When Domain Pretraining Interferes with Instruction Alignment: An Empirical Study of Adapter Merging in Medical LLMs
This addresses safety-critical instruction following in medical LLMs, but it is incremental as it builds on existing adapter merging techniques.
The study tackled the problem of domain pretraining interfering with instruction alignment in medical LLMs by proposing Weighted Adapter Merging to balance knowledge retention and instruction-following, achieving BLEU-4 = 16.38 and ROUGE-1 = 20.42 on a medical validation set.

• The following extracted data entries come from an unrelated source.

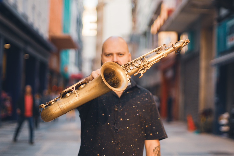 É curioso, tem momentos que é só uma coisa, tem outros que eu acho que é só a outra coisa, e tem momentos que eu acho que tem as duas coisas ao mesmo tempo. A minha fissura sempre foi tocar, né? Já era moleque tocando na igreja, com banda punk, acompanhando dupla sertaneja. Depois, grupo de pagode, fazendo roda de samba, de choro, tendo essa coisa do jazz, da noite, sabe? E aí vem essa capacidade de adaptação. Se você vai convidar algumas pessoas pra uma sessão de improvisação livre, você não vai querer virar aquele personagem do Robert De Niro tocando saxofone sentado na janela. Eu sou meio caxias. Qual é o briefing? Então vamos fazer e ter o cuidado de não ficar parecendo outra coisa.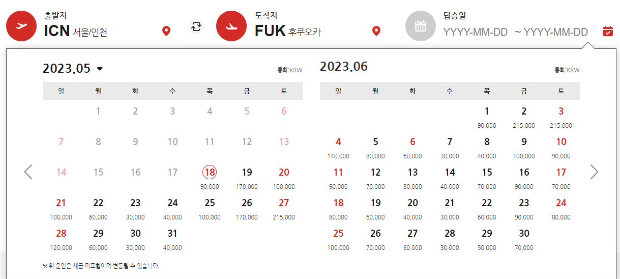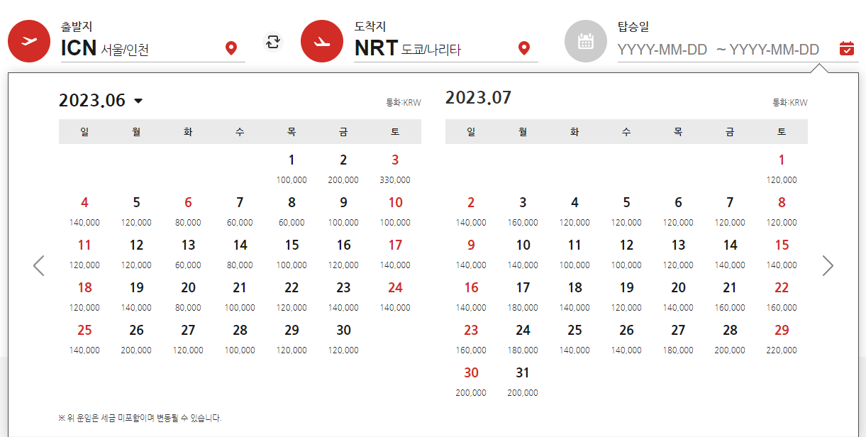 달력에 적혀있는 금액을 보시면 날짜만 잘 선택하면 정말 왕복 10만 원대로도 다녀올 수 있을 만큼 금액이 굉장히 저렴하게 나와있는데요.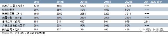 从环保产业市场来看,我国固废处理行业还处于发展初期,固废处理投资占环保行业整体投入比重不足15%。而在发达国家,固废处理是环保领域投资和产值占比均超过50%的最大子行业。结合我国固废行业发展状况来看,无论是存量需求还是增量需求,行业市场前景都较大。据环保部规划院测算,预计“十三五”期间社会环保总投资有望超过17万亿元。根据行业发展,未来几年固废市场规模将占环保投资总额的30%左右。据此测算的话,“十三五”期间固废处理行业投资区间在4.25-5.10万亿之间。
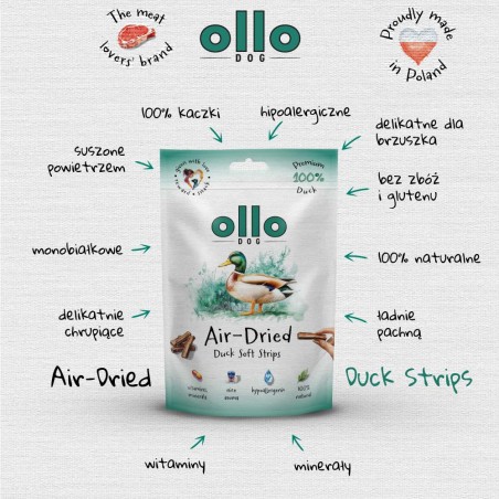 Ollo Air Dried Duck Strips to naturalne i lekkostrawne paski z kaczki, delikatnie suszone powietrzem, aby zachować pełnię smaku i wartości odżywczych. To wyjątkowy przysmak, który wspiera zdrowie Twojego pupila i zaspokaja jego potrzeby żywieniowe.

Large language models (LLMs) show strong general capability but often struggle with medical terminology precision and safety-critical instruction following. We present a case study for adapter interference in safety-critical domains using a 14B-parameter base model through a two-stage LoRA pipeline: (1) domain-adaptive pre-training (PT) to inject broad medical knowledge via continued pre-training (DAPT), and (2) supervised fine-tuning (SFT) to align the model with medical question-answering behaviors through instruction-style data. To balance instruction-following ability and domain knowledge retention, we propose Weighted Adapter Merging, linearly combining SFT and PT adapters before exporting a merged base-model checkpoint. On a held-out medical validation set (F5/F6), the merged model achieves BLEU-4 = 16.38, ROUGE-1 = 20.42, ROUGE-2 = 4.60, and ROUGE-L = 11.54 under a practical decoding configuration. We further analyze decoding sensitivity and training stability with loss curves and controlled decoding comparisons.